BEGIN Data for this exercise

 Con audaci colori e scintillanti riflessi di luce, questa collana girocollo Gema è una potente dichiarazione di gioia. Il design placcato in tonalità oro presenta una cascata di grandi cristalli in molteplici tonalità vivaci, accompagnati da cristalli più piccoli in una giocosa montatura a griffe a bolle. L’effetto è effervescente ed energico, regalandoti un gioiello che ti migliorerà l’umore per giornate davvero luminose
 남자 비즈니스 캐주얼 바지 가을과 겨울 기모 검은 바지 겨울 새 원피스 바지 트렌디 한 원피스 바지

END Data for this exercise
BEGIN Data for this exercise

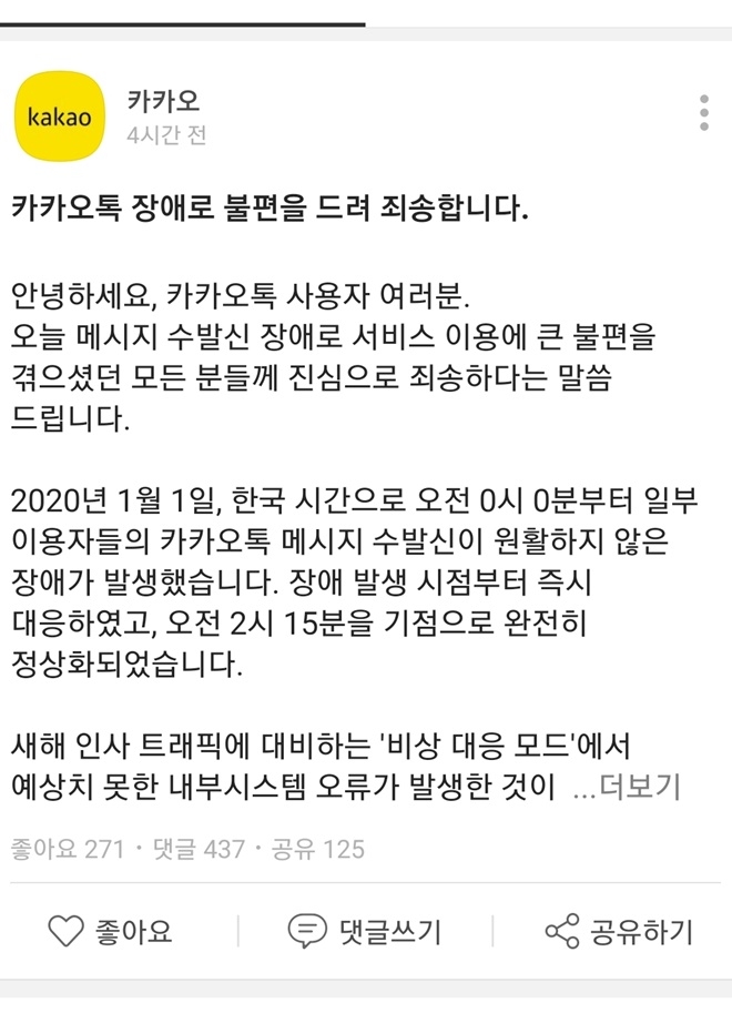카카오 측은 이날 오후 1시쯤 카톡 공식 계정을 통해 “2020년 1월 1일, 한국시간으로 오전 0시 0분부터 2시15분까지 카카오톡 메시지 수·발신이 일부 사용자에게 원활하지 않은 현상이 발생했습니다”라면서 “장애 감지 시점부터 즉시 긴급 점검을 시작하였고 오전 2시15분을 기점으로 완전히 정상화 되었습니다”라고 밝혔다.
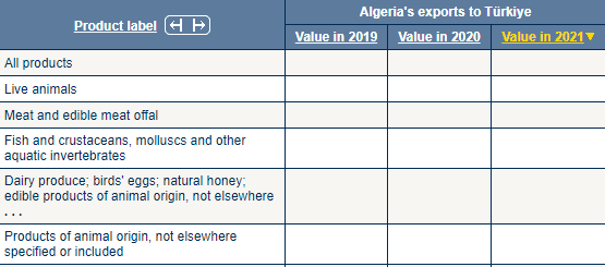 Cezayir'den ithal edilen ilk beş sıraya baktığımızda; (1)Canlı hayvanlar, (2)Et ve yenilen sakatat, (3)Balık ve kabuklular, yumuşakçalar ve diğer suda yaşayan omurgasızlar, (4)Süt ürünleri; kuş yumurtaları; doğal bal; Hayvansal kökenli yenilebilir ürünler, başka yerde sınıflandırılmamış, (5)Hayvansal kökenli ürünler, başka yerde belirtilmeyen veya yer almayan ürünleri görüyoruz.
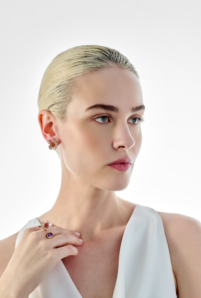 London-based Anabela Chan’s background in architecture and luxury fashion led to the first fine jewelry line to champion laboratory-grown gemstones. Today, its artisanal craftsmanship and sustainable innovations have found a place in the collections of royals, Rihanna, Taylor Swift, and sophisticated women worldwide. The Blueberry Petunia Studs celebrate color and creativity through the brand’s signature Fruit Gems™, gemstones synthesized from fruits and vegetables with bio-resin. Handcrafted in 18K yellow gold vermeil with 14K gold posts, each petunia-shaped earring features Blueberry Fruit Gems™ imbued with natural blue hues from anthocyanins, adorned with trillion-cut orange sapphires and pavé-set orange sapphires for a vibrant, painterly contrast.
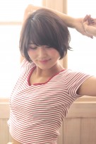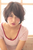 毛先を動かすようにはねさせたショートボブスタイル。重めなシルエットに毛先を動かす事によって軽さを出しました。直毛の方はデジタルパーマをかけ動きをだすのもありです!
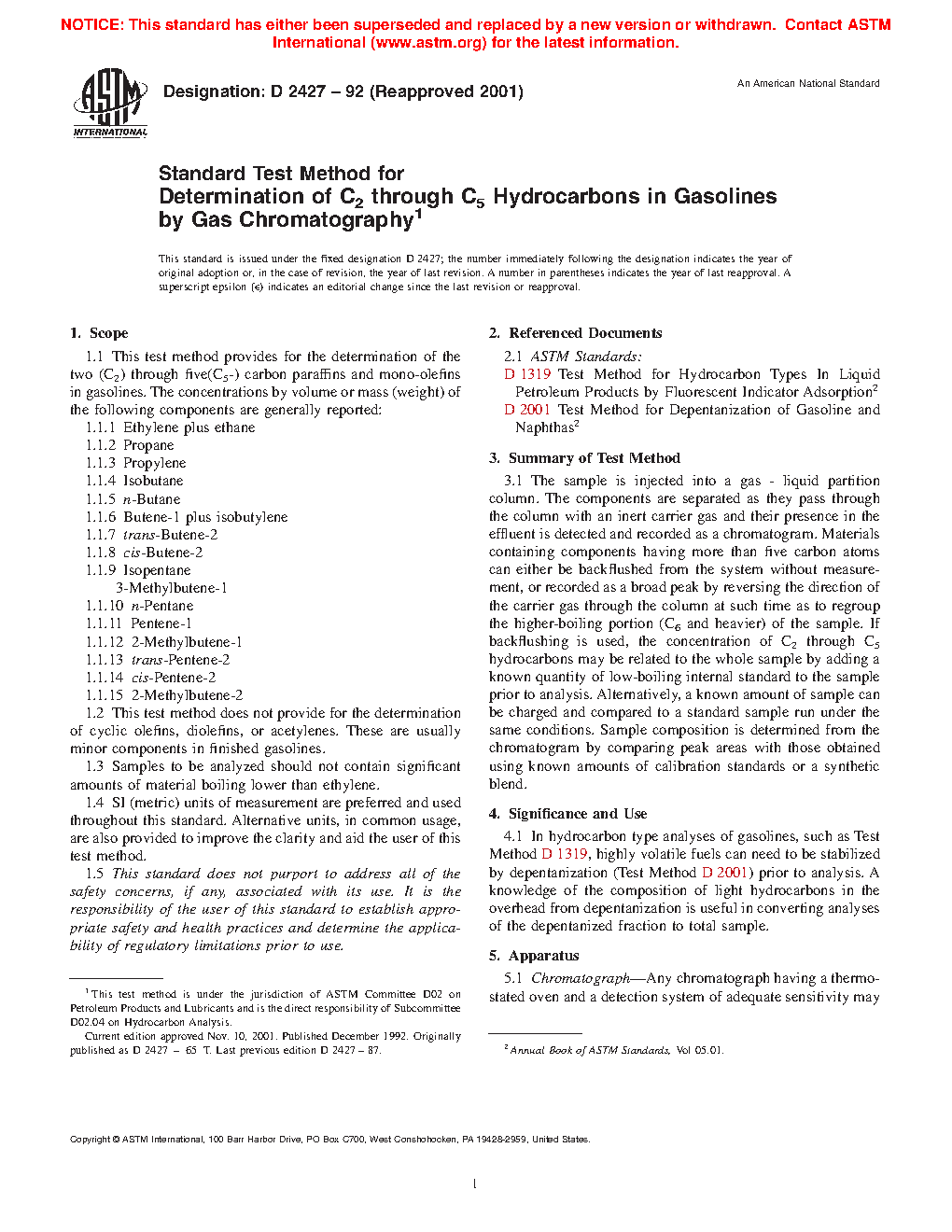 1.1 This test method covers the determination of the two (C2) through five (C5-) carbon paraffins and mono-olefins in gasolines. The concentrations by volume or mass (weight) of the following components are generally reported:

END Data for this exercise

Would you output only the span of the records above that opens with the line containing "毛先を動かすようにはねさせた" and closes with the line containing "1.1 This test", ends included and pictures dropped?

 毛先を動かすようにはねさせたショートボブスタイル。重めなシルエットに毛先を動かす事によって軽さを出しました。直毛の方はデジタルパーマをかけ動きをだすのもありです!
 1.1 This test method covers the determination of the two (C2) through five (C5-) carbon paraffins and mono-olefins in gasolines. The concentrations by volume or mass (weight) of the following components are generally reported:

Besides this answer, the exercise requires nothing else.